La revelación de la identidad del muerto les alegró mucho, y no pudieron evitar traslucir esa impresión. El tatuador debió de pensar que también él merecía una gratificación y que un trago de güisqui era su mejor recompensa; y eso es lo que hizo.
—Así está mejor —dijo, dio un chasquido con su lengua y encendió otro cigarrillo—. Al ver esta mañana la foto de la mosca, no dudé de que se trataba de Pieter Breitner, mi compatriota. Pero no es esa fotografía la que me lo ha recordado. Tengo otros motivos para que su cara y su nombre se me hayan quedado grabados con mayor consistencia que el tatuaje que le hice: su belleza —los agentes se miraron, sorprendidos—. Su belleza, sí; como ya he dicho, me dejó huella. Cierro los ojos y lo estoy viendo. Si se me quedó grabado fue por su belleza ambigua y por lo extraño de su encargo: ¿Quién viene pidiéndote que le tatúes una mosca de El Bosco y que se la tatúes ahí? Yo he hecho tatuajes en todas las partes del cuerpo: en el rostro, en el lóbulo de la oreja, en los glúteos, alrededor del ombligo... sin embargo, era la primera vez que me pedían un tatuaje ahí, justo donde arranca el miembro. ¡Qué herramienta, Dios mío, nunca vi cosa igual, una verdadera joya! —como viese que a los agentes no les había gustado el comentario, moderó la fogosidad de sus expresiones y siguió—: Tengo otros casos raros que no se me olvidarán nunca. Recuerdo uno que me sucedió en Ámsterdam. Un día vino a mi estudio una mujer italiana, bellísima, de curvas impresionantes, tendría unos cuarenta años muy bien llevados. Se empeñó en que le tatuase una cobra con su legua bífida amenazadora. Ya saben, la cobra es un símbolo fálico. Tenía que ser algo terrible y excitante. Eso estaba dentro de lo normal. Lo extraño fue cuando, para localizar el lugar idóneo del tatuaje, hizo que me desnudara y la montase por detrás a fin de que yo mismo determinase el punto de sus nalgas donde debía grabarlo, de modo que, al verlo, aumentase el ardor sexual de sus amantes. Y se lo hice, claro que se lo hice, pero fueron necesarias muchas sesiones... —se rió descaradamente— Cuando Pieter se miró en el espejo, quedó muy satisfecho de mi trabajo. A partir de ese momento, no diré que nos hiciésemos amigos, pero venía alguna vez a verme y charlábamos. Un joven de belleza perturbadora; sí, señores.

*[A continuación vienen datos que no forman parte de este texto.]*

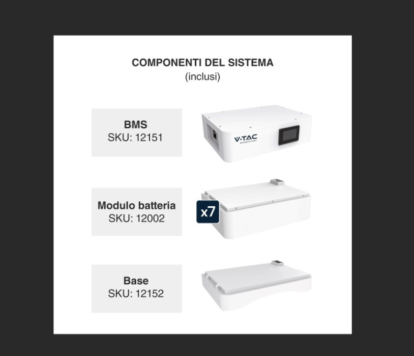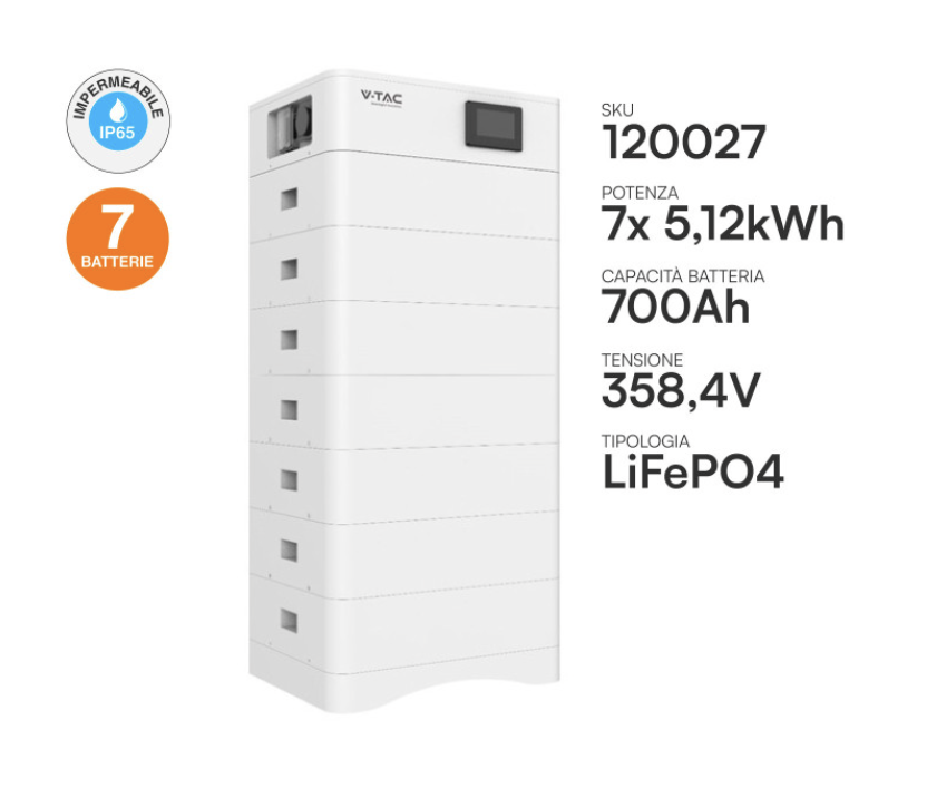 Il sistema Batterie BMS Stack LiFePO4 da 35,84 kWh ad Alta Tensione rappresenta la configurazione massima per una singola colonna di accumulo residenziale o commerciale leggera. Questo kit (riferimento V-TAC SKU 120027 o serie Deye BOS-G) è composto da 7 moduli da 5,12 kWh, un modulo di controllo BMS e una base da terra.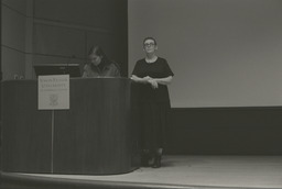 Summary Content type Content type Image Collection(s) Collection(s) Jeanne Randolph, 'Syntax errors: Acting out, Play-Doh* and Doubt: a personalized history of performative lecturing' Resource Type Resource Type Still image Genre Genre performance art Origin Information Origin Information Date Created/Date Issued 2001-10-23 Publisher grunt gallery Persons and Affiliations Persons Performer (prf): Randolph, Jeanne Photographer (pht): Addison, Merle Abstract/Description Description / Synopsis Description / Synopsis Jeanne Randolph leans against a podium, while Lorna Brown sets up the computer. Still from Syntax errors: Acting out, Play-Doh* and Doubt by Jeanne Randolph. Physical Description Extent Extent 1 35mm negative : black and white Physical Form Physical Form nonprojected graphic Identifiers Local Identifier Local Identifier 2001.1023 SYN Handle Handle Handle placeholder Access and Rights Use and Reproduction Use and Reproduction Copyright grunt gallery 2020. For more information, researcher inquiries, or takedown requests please contact grunt's archives manager dan@grunt.ca Rights Statement Rights Statement IN COPYRIGHT Subjects and Classifications Subject Topic Subject Topic Syntax errors Lectures Technology Language Translation Geographic Subject Geographic Subject SFU Harbour Centre Fletcher Challenge Theatre, Vancouver, BC

—¿Y no le preguntó usted qué significaba ese tatuaje y por qué lo quería precisamente en ese lugar?
—No; un buen profesional trata de complacer a su cliente pero no pregunta, debe morderse la lengua y no dejarse llevar por la curiosidad. Más adelante, cuando hubo confianza entre nosotros, me habló mucho de los Hermanos del Espíritu Libre, hermandad secreta a la que perteneció El Bosco y para la que pintó la tabla de El Jardín de las Delicias... Se le iluminaba el rostro cuando hablaba de ese tema. Supuse que el tatuaje de la "mosca" podía ser la contraseña de los miembros de esa secta.
—¿La secta del Espíritu Libre? Nunca oí hablar de ella.
—Tampoco yo.
—¿Pertenecía Pieter a esa secta?
—No sabría responderles —respondió.
Como viera el señor Heemskerck que los agentes iban apretando más y más en sus preguntas, se sintió acosado.
—Yo me limité a escucharle, sin hacerle preguntas —dijo—. Tampoco me interesaba el tema... Les he dicho todo lo que sé. Pieter siempre me pareció un buen muchacho; con mucha imaginación y puede que demasiada fantasía.
Por la manera de hablar el señor Heemskerck, su relación con Pieter Breitner había sido algo más que la normal con un cliente, y el güisqui, sin lugar a dudas, le había avivado agradables recuerdos.
Al fin, los agentes pudieron regresar a Madrid no con demasiados datos pero sí con algo positivo en sus manos. El señor Heemskerck les había revelado la identidad del muerto y, sin pretenderlo, también había destapado otras incógnitas inquietantes.